Recorded data:
================
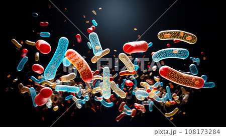 AI-generated content. Visualization of colored bacteria on a black background, Bacterial colony, Microbes
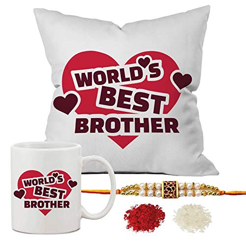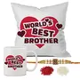 Christmas Vibes World's Best Brother Rakhi Gift Hamper Combo - 4pc (1 Cushion 1 Mug 1 Pearl Rakhi and Roli Chawal) Rakhi Gift for Brother Rakshabandhan Gift Rakhi Gift for Bhai
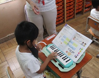 1年生の音楽科では,けんばんハーモニカを使って,ドレミファソを演奏しています。
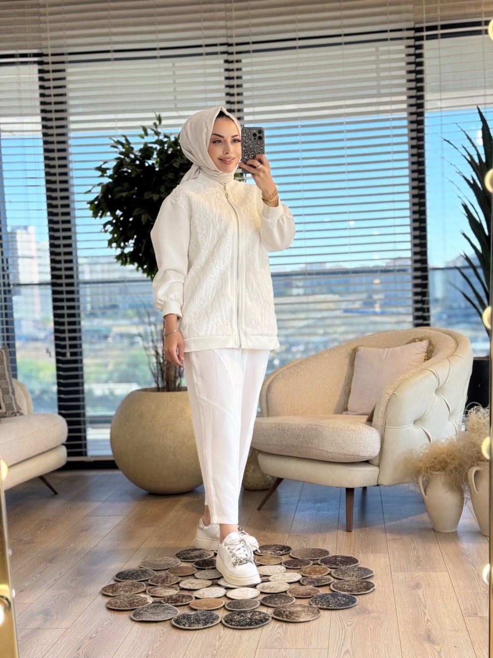 24337 Fermuarlı Önü Kordonlu Hırka Ekru
================
Work order:
The answer is the listing above restated word for word, pictures removed.

Solution for this problem:
 AI-generated content. Visualization of colored bacteria on a black background, Bacterial colony, Microbes
 Christmas Vibes World's Best Brother Rakhi Gift Hamper Combo - 4pc (1 Cushion 1 Mug 1 Pearl Rakhi and Roli Chawal) Rakhi Gift for Brother Rakshabandhan Gift Rakhi Gift for Bhai
 1年生の音楽科では,けんばんハーモニカを使って,ドレミファソを演奏しています。
 24337 Fermuarlı Önü Kordonlu Hırka Ekru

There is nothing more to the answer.